In the listing below, find the line containing "console.log(arrayTwo); // [ 'c', 'b', 'a' ]" and the line containing "1boy akehoshi_subaru blue_eyes", then copy exactly everything from the first through the second, except the pictures.

Supplied material:
►

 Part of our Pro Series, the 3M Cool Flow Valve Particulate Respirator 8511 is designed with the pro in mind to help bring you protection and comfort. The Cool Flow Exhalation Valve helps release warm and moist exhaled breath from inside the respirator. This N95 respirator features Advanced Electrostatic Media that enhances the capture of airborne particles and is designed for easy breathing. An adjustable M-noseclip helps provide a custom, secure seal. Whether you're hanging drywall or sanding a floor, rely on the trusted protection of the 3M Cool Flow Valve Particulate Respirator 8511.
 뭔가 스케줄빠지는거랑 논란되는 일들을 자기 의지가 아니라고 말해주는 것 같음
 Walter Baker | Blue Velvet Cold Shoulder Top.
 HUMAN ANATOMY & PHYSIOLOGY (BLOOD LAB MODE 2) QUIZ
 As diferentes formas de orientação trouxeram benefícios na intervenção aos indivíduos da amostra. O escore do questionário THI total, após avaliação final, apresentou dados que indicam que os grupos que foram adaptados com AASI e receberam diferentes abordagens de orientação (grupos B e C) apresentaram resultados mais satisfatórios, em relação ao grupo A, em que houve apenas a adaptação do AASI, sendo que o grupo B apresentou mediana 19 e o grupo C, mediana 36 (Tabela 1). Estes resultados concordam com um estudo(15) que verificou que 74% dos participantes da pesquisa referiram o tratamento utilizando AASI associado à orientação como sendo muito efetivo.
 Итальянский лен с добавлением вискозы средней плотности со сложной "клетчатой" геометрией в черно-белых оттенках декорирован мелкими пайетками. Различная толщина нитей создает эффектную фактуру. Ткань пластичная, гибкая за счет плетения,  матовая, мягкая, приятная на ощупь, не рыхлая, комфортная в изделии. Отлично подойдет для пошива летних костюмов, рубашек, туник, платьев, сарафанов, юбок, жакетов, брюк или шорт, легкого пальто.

◄
►

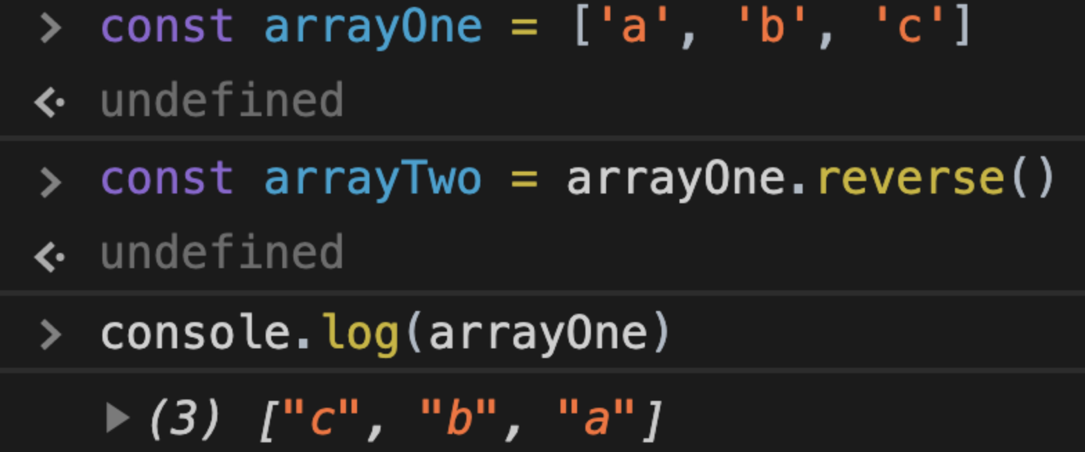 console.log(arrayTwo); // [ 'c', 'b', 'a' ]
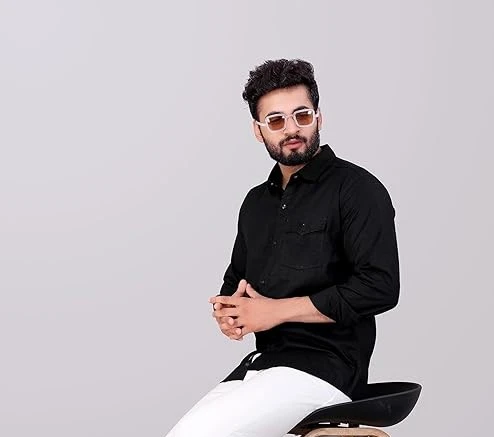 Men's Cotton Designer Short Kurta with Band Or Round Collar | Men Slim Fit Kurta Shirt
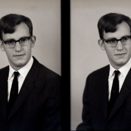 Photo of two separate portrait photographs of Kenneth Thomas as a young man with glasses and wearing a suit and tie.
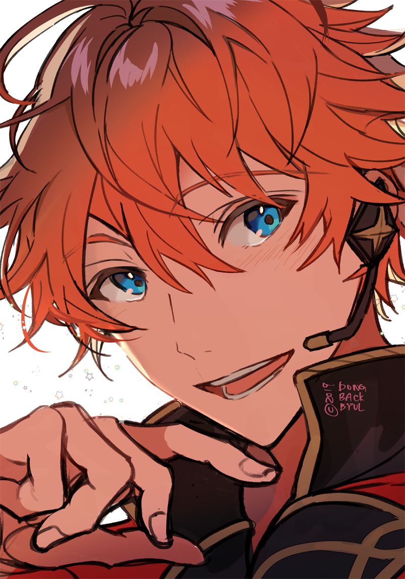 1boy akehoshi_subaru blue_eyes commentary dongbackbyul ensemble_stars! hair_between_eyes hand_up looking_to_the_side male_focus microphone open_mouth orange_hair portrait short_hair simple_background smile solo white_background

◄
►

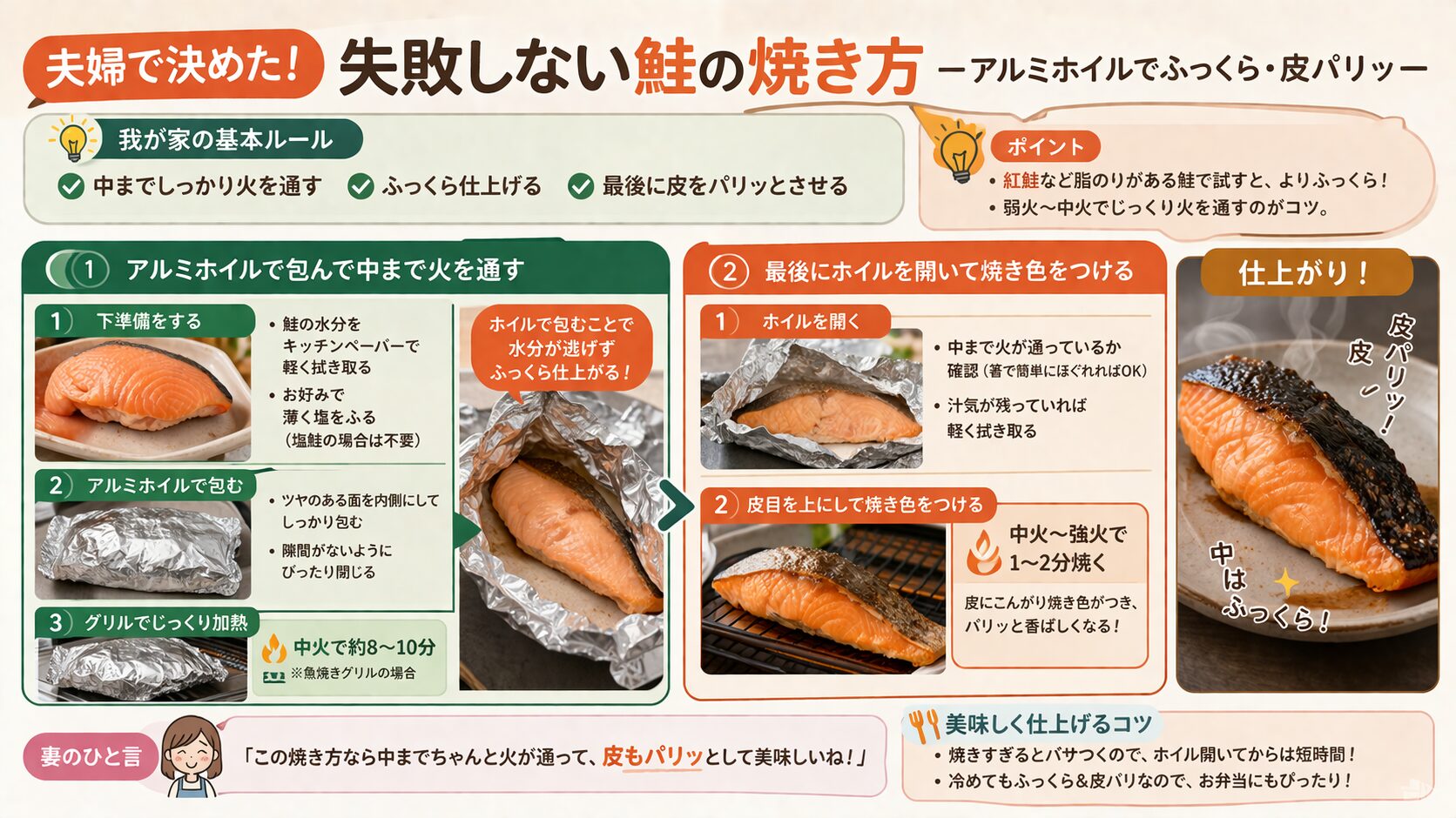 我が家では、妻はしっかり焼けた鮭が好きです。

◄

Written response:
 console.log(arrayTwo); // [ 'c', 'b', 'a' ]
 Men's Cotton Designer Short Kurta with Band Or Round Collar | Men Slim Fit Kurta Shirt
 Photo of two separate portrait photographs of Kenneth Thomas as a young man with glasses and wearing a suit and tie.
 1boy akehoshi_subaru blue_eyes commentary dongbackbyul ensemble_stars! hair_between_eyes hand_up looking_to_the_side male_focus microphone open_mouth orange_hair portrait short_hair simple_background smile solo white_background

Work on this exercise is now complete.